Mark Baker wrote:
>
> On 6/4/07, Anne Thomas Manes <[EMAIL PROTECTED] 
> <mailto:atmanes%40gmail.com>> wrote:
> > As you've clearly pointed out here, the Amazon POX/HTTP services are 
> not RESTful.
>
> Thanks for your (belated 8-) support for REST Anne, but Amazon's
> services *are* RESTful.
>
> Mark.
>
>
> .
Mark,

Anne got this info from me.  Recently I informed her and others that S3 
was RESTful, but that ECS and EC2 were not.

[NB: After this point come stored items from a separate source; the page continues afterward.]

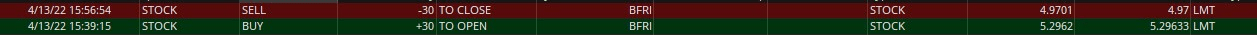 Initial plan was to buy into consolidation breakout at $5.20, risking $4.70 level, but price action blew past my entry and I didn't get filled. Then wanted to buy breakout at $5.37, got filled at $5.30 which I was ok with due to lower avg. Price got stuffed. Never hit my risk, but it was at the end of the day and did not think price would recover. Sold into a small bounce just under $5.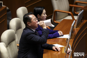 국민의힘 장동혁 대표가 9일 서울 여의도 국회에서 열린 제429회국회(정기회) 제16차 본회의에서 송언석 원내대표와 대화를 나누고 있다. 일요시사=고성준 기자(joonko1@ilyosisa.co.kr) <joonko1@ilyosisa.co.kr>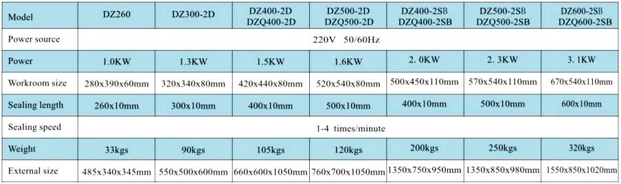 This series of vacuum packaging machine is featured by automatic processing of vacuuming, sealing and printing at one time, which is used in vacuum packaging of food, pharmaceutical, aquatic, chemical and electronic industries.

The ECS (E-Commerce Service) "REST" API specifies a single URL:

http://ecs.amazonaws.com/onca/xml?Service=AWSECommerceService

onto which are tacked the operation name and various parameters.  Now, 
as Sam Ruby recently pointed out, this is not a surefire guarantee that 
the application is not RESTful, but if GETting one of those URIs changes 
server side state, then they are not RESTful.  In Amazon's case, there 
are URI-based operations to create a remote shopping cart, add items to 
the cart, and update items in the cart.  Thus ECS does not have a 
uniform interface -- everything is tunneled over GET (or POST); is not 
cacheable; does not have self-descriptive messages; does not manipulate 
state via representations; and, in the case of using POST instead of 
GET, does not have identifiable resources,

For EC2 (the Elastic Compute Cloud) it's the same thing.  In fact, 
Amazon calls the EC2 REST-RPC hybrid interface the "Query API" and 
promises a true REST API sometime in the future.